The numbers of PVBs that are suitable for HRT were not significantly different between the control and the patient group (patient group 4 [3–8]; control group 8 [4–25], P = 0.095). After 6 months of L‐T4 therapy, the amount of PVB which are suitable for HRT was not significantly affected (before therapy 5 [3–13]; after therapy 3 [1–7], P = 0.124).
Correlation Analysis
TSH was negatively correlated with SDNN (r =−0.690, P < 0.001) and TS (r =−0.324, P = 0.006) and positively correlated with TO (r = 0.321, P = 0.006; Fig. 1).
Figure 1.
Relationship between TSH and SDNN, TO and TS.
DISCUSSION
The major finding of this study is that HRV and HRT are reduced in patients with hypothyroidism. Six months of thyroid replacement therapy failed to improve these indirect indices of cardiac autonomic dysfunction.
The heart is richly innervated by afferent and efferent vagal and sympathetic fibers and is thus susceptible to autonomic influences. 22 The fact that changes in efferent autonomic traffic are largely under baroreceptor control explains why baroreceptor function is correlated with cardiac arrhythmias. 23 Baroreceptor reflex sensitivity (BRS), HRV, and HRT provide different information about cardiac autonomic function, and they are predictors of mortality in heart diseases. 24 Moreover, the moderate correlation between BRS and HRV (r = 0.63) suggests that the two measures explore different functions of autonomic control. 25
HRT is an indirect cardiac autonomic function test that estimates the heart rate fluctuations resulting from the stimulation of the baroreceptor arc after a single PVB. HRT is strongly correlated with spontaneous BRS, and it may be used instead of BRS. 26 The European Society of Cardiology considers HRT a marker of vagal activity and an independent indicator of total mortality. 27 It is known that TO and TS values have strong correlations with some of the HRV parameters including SDNN and RMSSD. 28
There are several studies in the current literature evaluating HRV in hypothyroidism.

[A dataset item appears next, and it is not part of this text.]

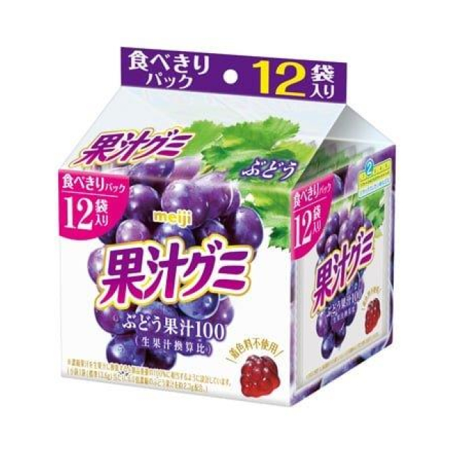 | 原材料:水あめ(国内製造)、砂糖、濃縮ぶどう果汁、ゼラチン、食用油脂、でん粉/酸味料、ゲル化剤(ペクチン)、香料、光沢剤、(一部にりんご・ゼラチンを含む) 発売元:株式会社明治 |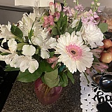 I was very pleased with the flowers and service that I received from the local florist. The flowers are so pretty. What I am not happy with is the cost of $21.98 from Teleflora for the service. If I had realized that I wouldn't have bought from them. Next time I will call my local florist instead.

Nearly all of the studies showed reduced HRV in both subclinical and overt hypothyroidism. 7 , 8 , 9 , 10 , 11 , 12 , 13 , 14 , 15 , 16 These studies concluded that a sympathovagal imbalance was present by showing either increased sympathetic activity, 9 decreased sympathetic modulation, 7 , 8 , 14 , 15 increased vagal tone 10 or decreased vagal tone. 12 , 13 There is only one study that found no change in HRV in subclinical hypothyroid patients. 29 In our study, HRV was found to be reduced in subclinical and overt hypothyroid patients. Our findings are consistent with prior studies.
In two different studies by Galetta et al., it was shown that either subclinical or overt hypothyroid patients had decreased HRV. 7 , 8 They found that hypothyroidism was related to a state of sympathovagal imbalance. This autonomic dysfunction could be partially restored after replacement treatment with L‐T4. 7 They also concluded that subclinical hypothyroidism was related to decreased HRV. Additionally, it was found that 6 months of L‐T4 therapy caused an increase in HRV parameters. 8 Similar to these findings, Lakshmi et al. showed that hypothyroid patients that achieved a euthyroid state after treatment with L‐T4 therapy had a significant increase in parasympathetic activity and improvement in sympathetic activity as measured by short‐term HRV. 11 Consistent with Galetta and Lakshmi, Inukai et al. also demonstrated significant reduction in RR interval variations and improvement of these variations after treatment. 13 Contrary to these findings, there are two studies showing no improvement in HRV after L‐T4 replacement therapy in hypothyroidism. Cacciatori et al. found reduced HRV in seven hypothyroid patients in comparison with control subjects, but after therapy there was no improvement in reduced total HRV. They concluded that despite the L‐T4 therapy, vagal failure of the heart still existed in this population. 9 Similar to this finding, Heemstra et al. showed that the total variability and standard deviation of the successive differences in RR intervals did not improve with L‐T4 therapy. 15 These conflicting results may be partially explained by the differences in the patient populations (age, gender, cause, severity, and duration of hypothyroidism) and the heterogeneity of the techniques used in the various studies. In our study, none of the HRV parameters significantly improved after replacement treatment with L‐T4. Our findings are consistent with some of the previous studies. However, it is difficult to decisively conclude whether the cardiac autonomic functions improved or not in the relatively short study period of 6 months. Longitudinal studies are needed for a stronger conclusion to be formed.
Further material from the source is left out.